The district attorney's investigation, which initially began as an examination of hush-money payments paid to women on Trump's behalf, has expanded into an inquiry into whether the president's company misled lenders or tax authorities about the value of its properties.

The June indictments allege the Trump Organization and its CFO, Allen Weisselberg, evaded taxes on lucrative fringe benefits paid to executives.

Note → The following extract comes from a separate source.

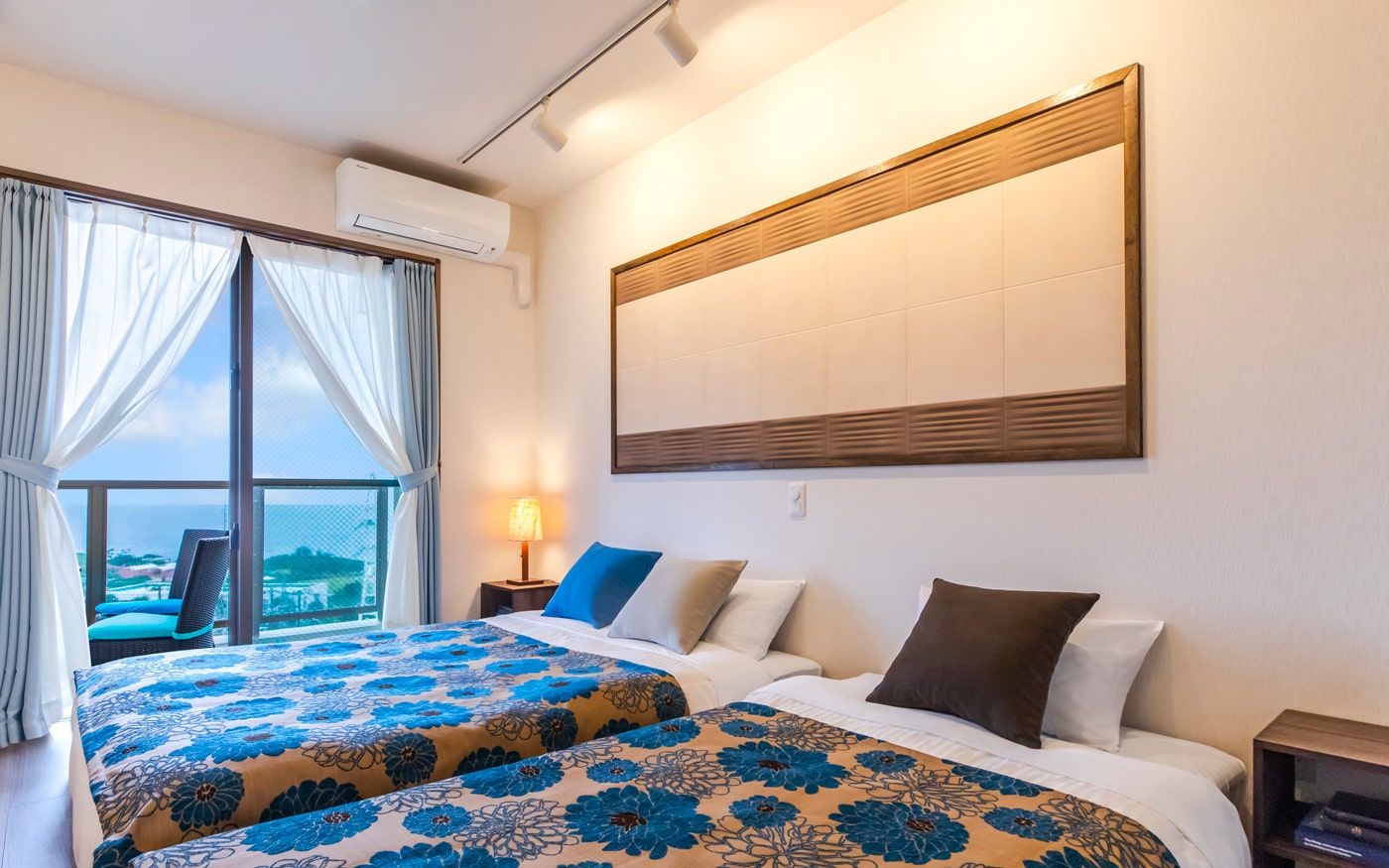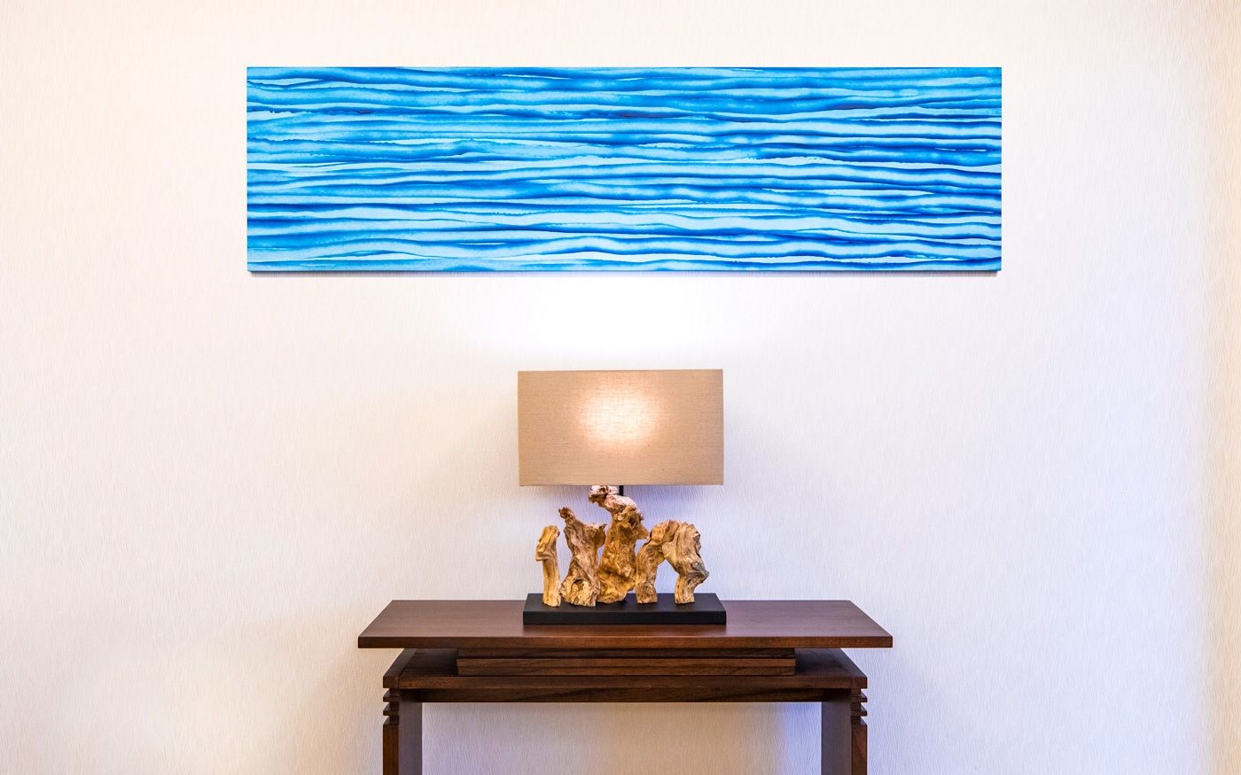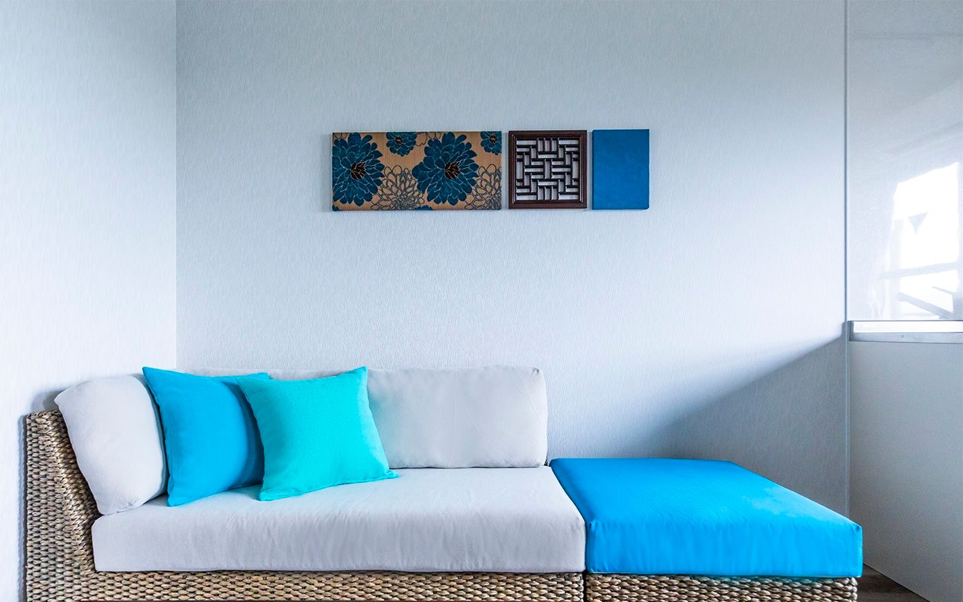 更に沖縄らしい部屋づくりを目指すのであれば、沖縄の空や海をイメージしたブルーの壁面装飾をプラスしてみましょう。どこまで続く青い海と空を彷彿させる色とりどりのファブリックパネルや、色鮮やかな青が際立つ縦長の花器などもおすすめです。白い壁面が多いほど、これらのブルーのアクセントが部屋に映えて沖縄リゾート風の部屋づくりを手助けしてくれるでしょう。
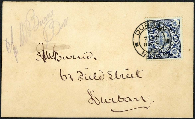 1910 (4 Nov.) local Durban envelope bearing 2½d. tied by an upright first day cancellation; a few minor age marks but still good to fine

Prosecutors didn't charge Trump, but they did note that he signed some checks at the center of the case.

Vance sought Trump's personal tax records as part of the investigation, eventually winning them through a U.S. Supreme Court ruling.

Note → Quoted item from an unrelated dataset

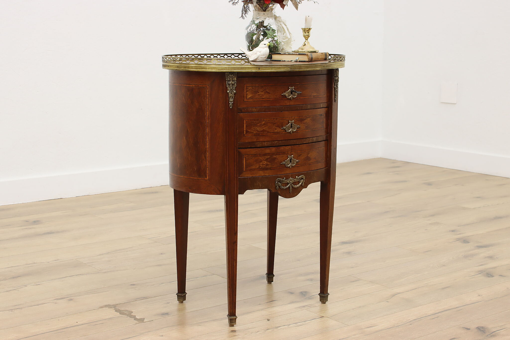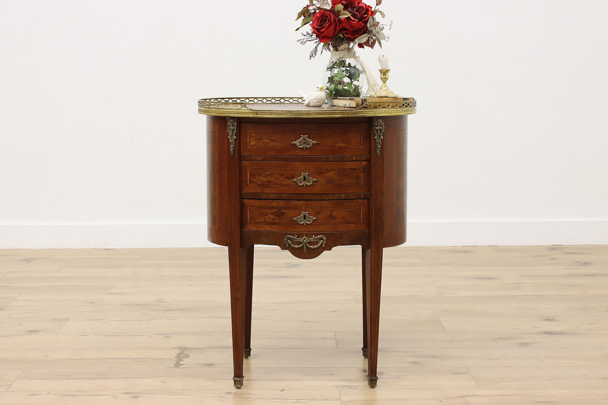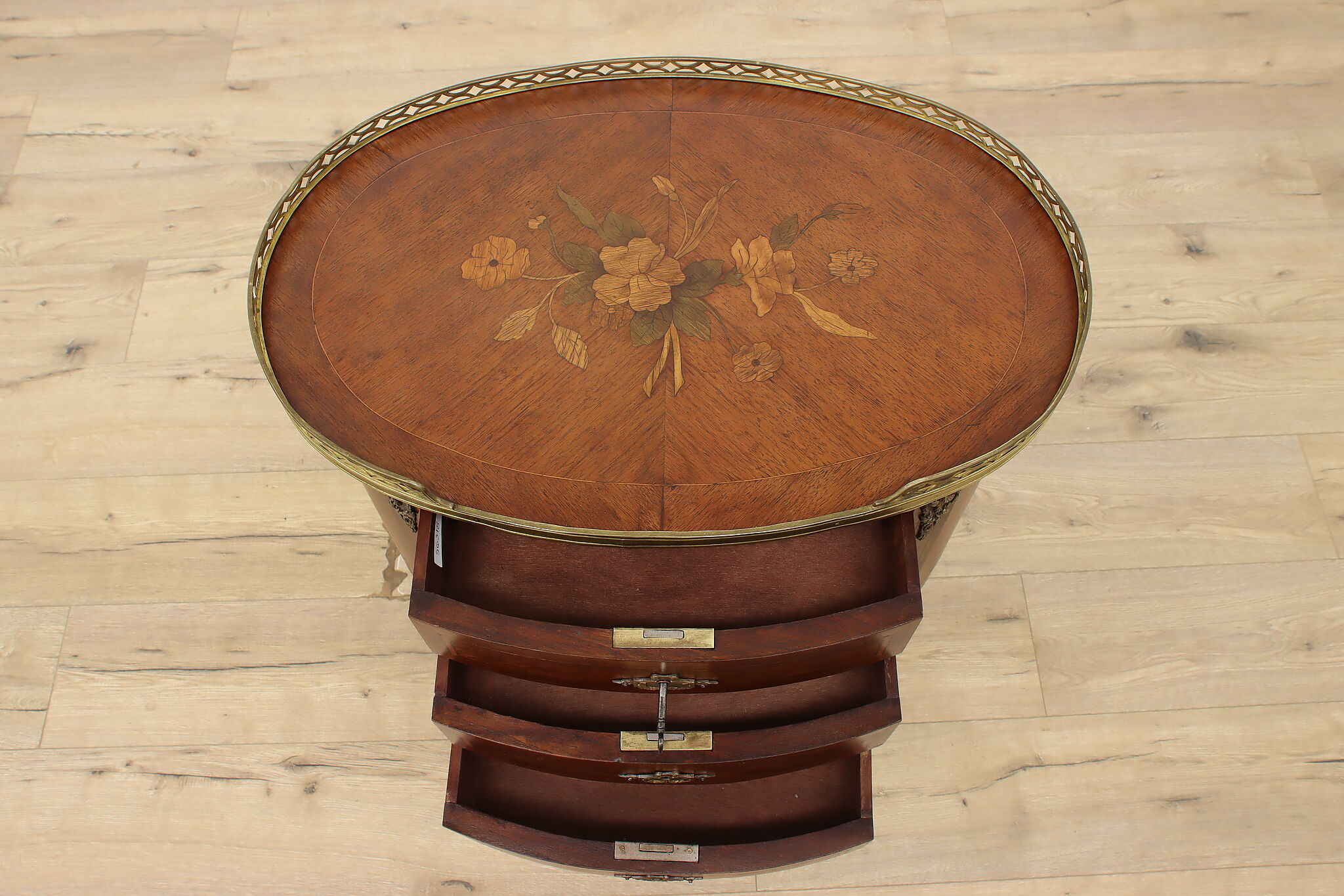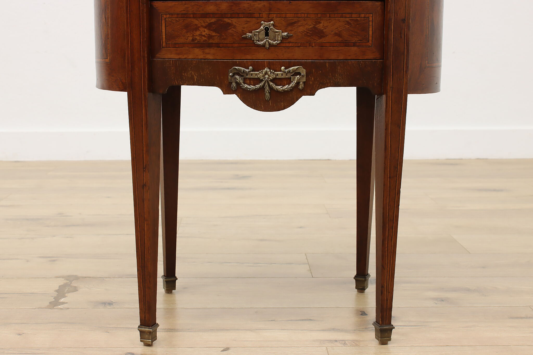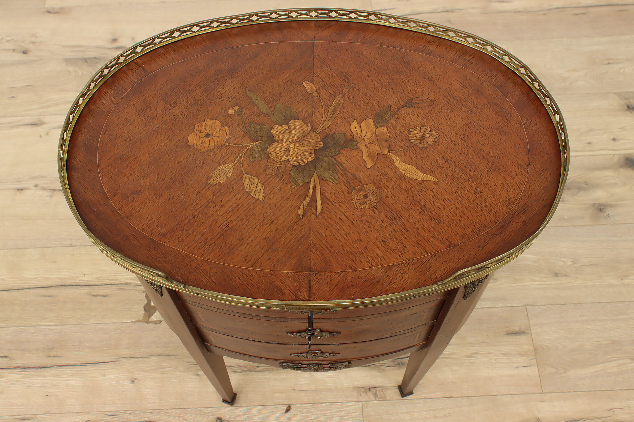 This gorgeous oval shaped nightstand or end table is a truly beautiful piece from France.

Shortly after the court decision, he announced he wouldn't seek reelection.

Vance told the AP he only ever planned on serving two or three four-year terms -- a relative cup of coffee compared with his predecessors Robert Morgenthau, who was in office for 34 years, until he was 90, and Frank Hogan, who stuck around for 31 years.

"I did not want to be D.A. forever and I wanted to have another chapter or two after I left this job," Vance said.

In the process, he also avoided a potential primary fight with progressive Democrats who said his criminal justice reforms didn't go far enough.

"In many ways, he's sort of old school and to his credit, methodical," New York Law School professor Rebecca Roiphe said. "He may not have been the best at managing public relations, and I don't think he was the best at managing his office -- making sure that his principles and policies and commitments made their way to every courtroom and to every D.A. -- but I do think he's a decent prosecutor who was trying to do the right thing in most of these situations."

As D.A., Vance took an interest in global efforts to prevent cyberattacks, gun violence and sex trafficking -- issues he says he wants to continue working on in the private sector after his retirement.

Vance has also used an $800 million slush fund bankrolled by Wall Street settlements to provide police officers with smartphones, build neighborhood gyms, and help reduce a national backlog in the testing of rape kits, an effort that brought him national attention and praise from "Law & Order: SVU" star Mariska Hargitay.

Vance assesses himself modestly, saying he took what was already "perhaps the greatest 20th century district attorney's office in the country" and made it one of the greatest of the 21st century.

The next two weeks will show whether Vance is content with his legacy as it stands, or intends to take one more shot at rewriting his place in the history books.